WHAT THE TASK ASKS —
Your answer must be the lines from the first record through the line that contains "Registration: Year: 1920 number: 26297", copied exactly and without any pictures.

STORED DATA —
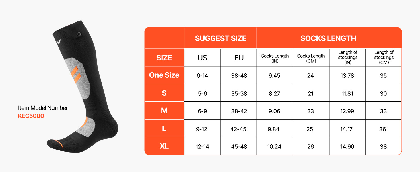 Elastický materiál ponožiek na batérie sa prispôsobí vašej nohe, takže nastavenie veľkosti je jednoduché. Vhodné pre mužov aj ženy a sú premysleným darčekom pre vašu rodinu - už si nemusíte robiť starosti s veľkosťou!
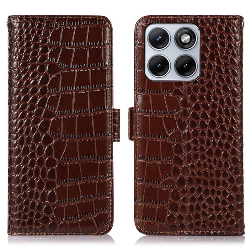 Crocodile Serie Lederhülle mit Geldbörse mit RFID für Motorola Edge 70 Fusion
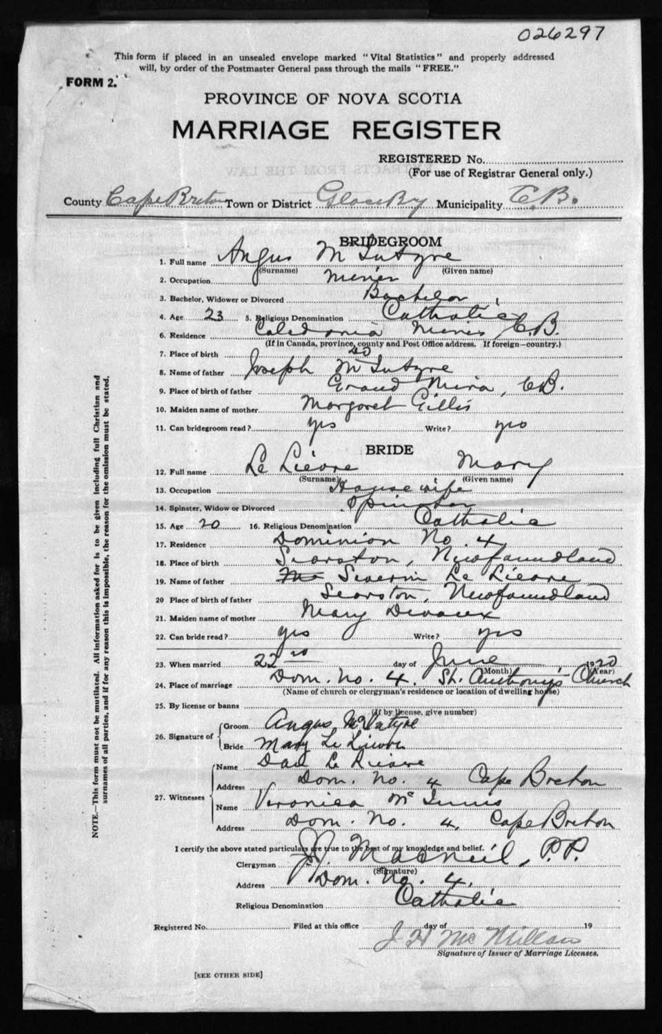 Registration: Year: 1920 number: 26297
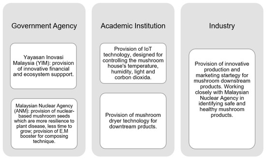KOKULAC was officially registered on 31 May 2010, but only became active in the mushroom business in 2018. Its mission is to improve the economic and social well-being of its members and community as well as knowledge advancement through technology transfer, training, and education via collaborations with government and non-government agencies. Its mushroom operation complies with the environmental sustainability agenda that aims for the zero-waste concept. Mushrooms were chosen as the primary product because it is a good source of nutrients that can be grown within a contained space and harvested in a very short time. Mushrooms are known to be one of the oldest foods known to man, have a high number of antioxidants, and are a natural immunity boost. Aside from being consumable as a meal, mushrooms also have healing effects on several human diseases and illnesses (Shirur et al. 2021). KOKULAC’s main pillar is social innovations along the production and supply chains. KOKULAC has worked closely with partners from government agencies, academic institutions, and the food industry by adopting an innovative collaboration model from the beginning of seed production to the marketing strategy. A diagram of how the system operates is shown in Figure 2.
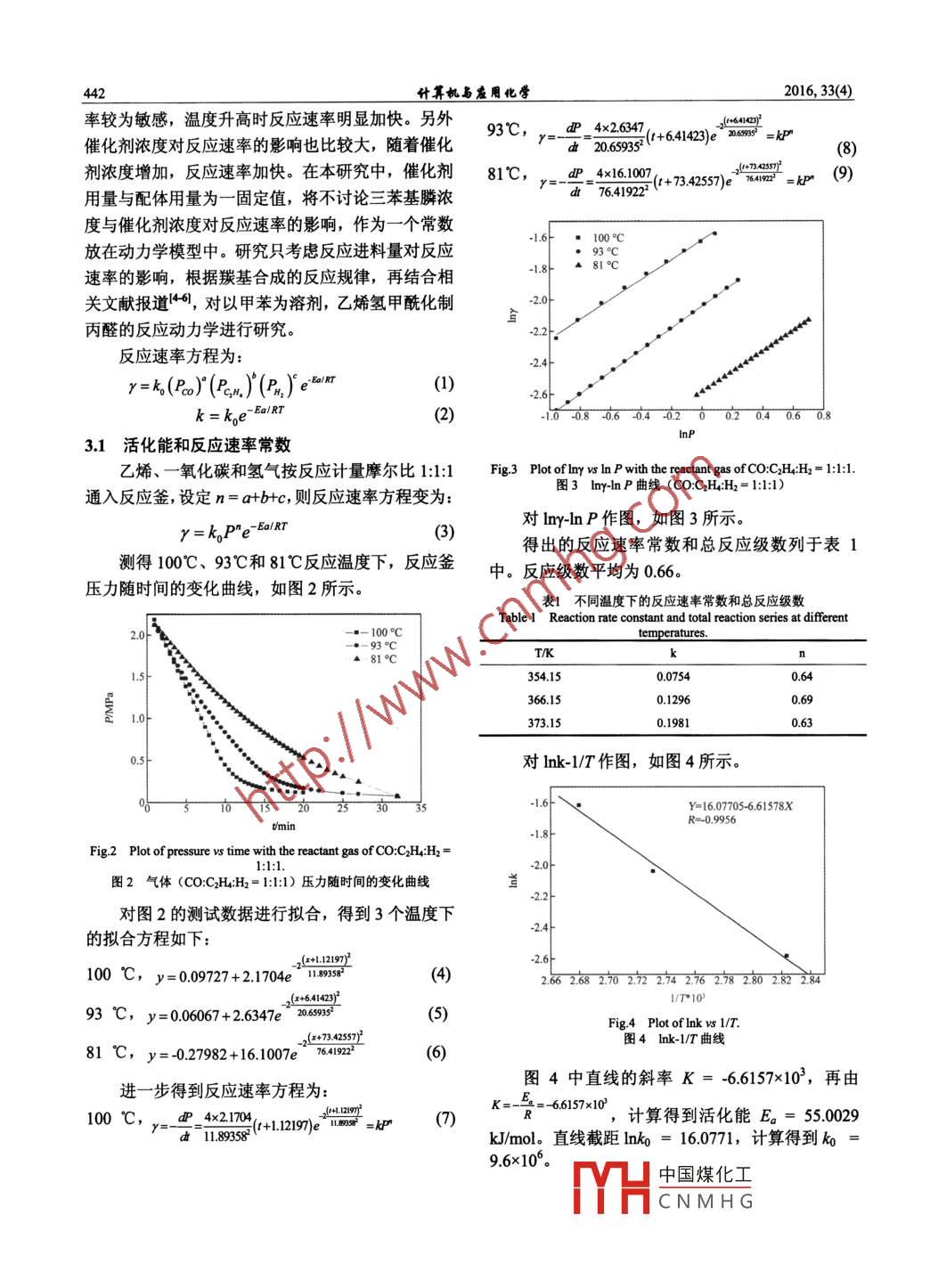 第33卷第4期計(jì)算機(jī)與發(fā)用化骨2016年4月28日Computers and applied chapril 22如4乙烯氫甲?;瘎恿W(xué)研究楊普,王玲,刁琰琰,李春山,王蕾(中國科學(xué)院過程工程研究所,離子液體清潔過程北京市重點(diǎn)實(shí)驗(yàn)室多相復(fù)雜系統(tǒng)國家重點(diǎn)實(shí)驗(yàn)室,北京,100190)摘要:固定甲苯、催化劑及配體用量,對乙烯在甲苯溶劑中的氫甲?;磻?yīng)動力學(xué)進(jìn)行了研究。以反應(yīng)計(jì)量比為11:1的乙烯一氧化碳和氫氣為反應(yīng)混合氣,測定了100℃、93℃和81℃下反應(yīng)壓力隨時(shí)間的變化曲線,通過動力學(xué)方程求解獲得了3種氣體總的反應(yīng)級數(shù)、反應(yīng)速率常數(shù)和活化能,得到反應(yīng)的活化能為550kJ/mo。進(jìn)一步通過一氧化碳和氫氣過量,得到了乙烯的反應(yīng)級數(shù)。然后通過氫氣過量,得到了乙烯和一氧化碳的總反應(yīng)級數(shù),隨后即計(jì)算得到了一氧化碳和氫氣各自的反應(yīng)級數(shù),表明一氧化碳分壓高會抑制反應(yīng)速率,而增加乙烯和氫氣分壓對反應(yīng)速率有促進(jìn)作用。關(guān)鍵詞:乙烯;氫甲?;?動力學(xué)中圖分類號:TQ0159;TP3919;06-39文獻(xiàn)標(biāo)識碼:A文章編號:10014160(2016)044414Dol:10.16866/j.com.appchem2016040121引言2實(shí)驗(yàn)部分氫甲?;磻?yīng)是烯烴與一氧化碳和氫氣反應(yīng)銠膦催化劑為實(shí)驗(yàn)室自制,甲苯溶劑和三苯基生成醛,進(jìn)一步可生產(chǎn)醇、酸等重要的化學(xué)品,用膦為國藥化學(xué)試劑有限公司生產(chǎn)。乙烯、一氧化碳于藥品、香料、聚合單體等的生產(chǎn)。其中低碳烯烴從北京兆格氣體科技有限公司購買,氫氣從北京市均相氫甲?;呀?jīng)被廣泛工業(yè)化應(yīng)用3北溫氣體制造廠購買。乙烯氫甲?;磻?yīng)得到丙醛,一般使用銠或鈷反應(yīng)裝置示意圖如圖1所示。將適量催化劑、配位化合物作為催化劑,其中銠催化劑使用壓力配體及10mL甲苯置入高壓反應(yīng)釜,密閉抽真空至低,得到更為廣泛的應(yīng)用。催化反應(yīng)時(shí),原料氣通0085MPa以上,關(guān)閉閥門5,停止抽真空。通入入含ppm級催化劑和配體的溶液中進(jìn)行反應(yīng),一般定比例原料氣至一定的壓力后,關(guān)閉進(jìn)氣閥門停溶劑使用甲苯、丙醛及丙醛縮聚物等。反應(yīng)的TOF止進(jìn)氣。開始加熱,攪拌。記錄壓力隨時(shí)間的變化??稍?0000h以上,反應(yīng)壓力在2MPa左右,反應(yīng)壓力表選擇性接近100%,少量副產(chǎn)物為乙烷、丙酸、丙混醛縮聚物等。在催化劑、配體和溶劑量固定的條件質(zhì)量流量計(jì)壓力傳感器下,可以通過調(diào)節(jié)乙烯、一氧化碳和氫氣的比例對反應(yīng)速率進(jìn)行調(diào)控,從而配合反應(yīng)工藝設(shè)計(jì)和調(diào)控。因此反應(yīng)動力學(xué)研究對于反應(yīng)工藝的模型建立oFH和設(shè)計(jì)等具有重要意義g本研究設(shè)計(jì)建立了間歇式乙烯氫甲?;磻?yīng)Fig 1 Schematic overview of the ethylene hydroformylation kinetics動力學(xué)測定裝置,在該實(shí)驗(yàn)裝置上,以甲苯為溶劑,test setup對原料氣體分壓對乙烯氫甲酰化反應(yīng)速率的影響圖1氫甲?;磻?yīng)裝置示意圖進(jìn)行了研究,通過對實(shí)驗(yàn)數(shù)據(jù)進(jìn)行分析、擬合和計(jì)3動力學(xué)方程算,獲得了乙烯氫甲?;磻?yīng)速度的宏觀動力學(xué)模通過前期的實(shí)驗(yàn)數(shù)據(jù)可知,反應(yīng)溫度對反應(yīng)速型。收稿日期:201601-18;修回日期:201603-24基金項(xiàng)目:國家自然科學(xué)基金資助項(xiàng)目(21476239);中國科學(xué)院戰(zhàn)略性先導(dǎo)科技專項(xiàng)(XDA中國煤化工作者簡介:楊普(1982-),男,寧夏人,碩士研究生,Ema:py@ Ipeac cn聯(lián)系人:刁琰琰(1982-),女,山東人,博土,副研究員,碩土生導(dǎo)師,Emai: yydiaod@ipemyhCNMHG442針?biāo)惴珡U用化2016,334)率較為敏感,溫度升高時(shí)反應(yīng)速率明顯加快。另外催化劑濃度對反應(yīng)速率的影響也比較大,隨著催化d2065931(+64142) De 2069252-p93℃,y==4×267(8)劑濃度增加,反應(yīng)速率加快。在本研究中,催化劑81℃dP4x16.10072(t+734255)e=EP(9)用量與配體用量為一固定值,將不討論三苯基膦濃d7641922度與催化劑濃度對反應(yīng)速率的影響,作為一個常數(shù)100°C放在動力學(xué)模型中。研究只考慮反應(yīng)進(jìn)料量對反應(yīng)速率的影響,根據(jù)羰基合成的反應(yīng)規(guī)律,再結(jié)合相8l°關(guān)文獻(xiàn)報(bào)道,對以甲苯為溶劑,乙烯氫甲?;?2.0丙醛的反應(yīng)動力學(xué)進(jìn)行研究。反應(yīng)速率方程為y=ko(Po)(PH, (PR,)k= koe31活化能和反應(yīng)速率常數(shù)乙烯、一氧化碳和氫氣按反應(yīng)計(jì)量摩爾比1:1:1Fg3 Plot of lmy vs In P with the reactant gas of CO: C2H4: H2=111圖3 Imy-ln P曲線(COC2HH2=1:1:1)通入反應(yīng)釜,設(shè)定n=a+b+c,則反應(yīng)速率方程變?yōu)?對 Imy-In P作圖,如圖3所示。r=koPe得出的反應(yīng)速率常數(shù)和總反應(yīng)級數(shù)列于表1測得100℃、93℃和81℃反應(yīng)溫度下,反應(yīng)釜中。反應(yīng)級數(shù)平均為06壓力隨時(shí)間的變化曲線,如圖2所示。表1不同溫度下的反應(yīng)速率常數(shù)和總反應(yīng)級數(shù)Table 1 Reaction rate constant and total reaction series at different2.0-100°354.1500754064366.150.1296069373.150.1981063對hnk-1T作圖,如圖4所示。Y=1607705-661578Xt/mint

SOLUTION TO THIS PROBLEM —
 Elastický materiál ponožiek na batérie sa prispôsobí vašej nohe, takže nastavenie veľkosti je jednoduché. Vhodné pre mužov aj ženy a sú premysleným darčekom pre vašu rodinu - už si nemusíte robiť starosti s veľkosťou!
 Crocodile Serie Lederhülle mit Geldbörse mit RFID für Motorola Edge 70 Fusion
 Registration: Year: 1920 number: 26297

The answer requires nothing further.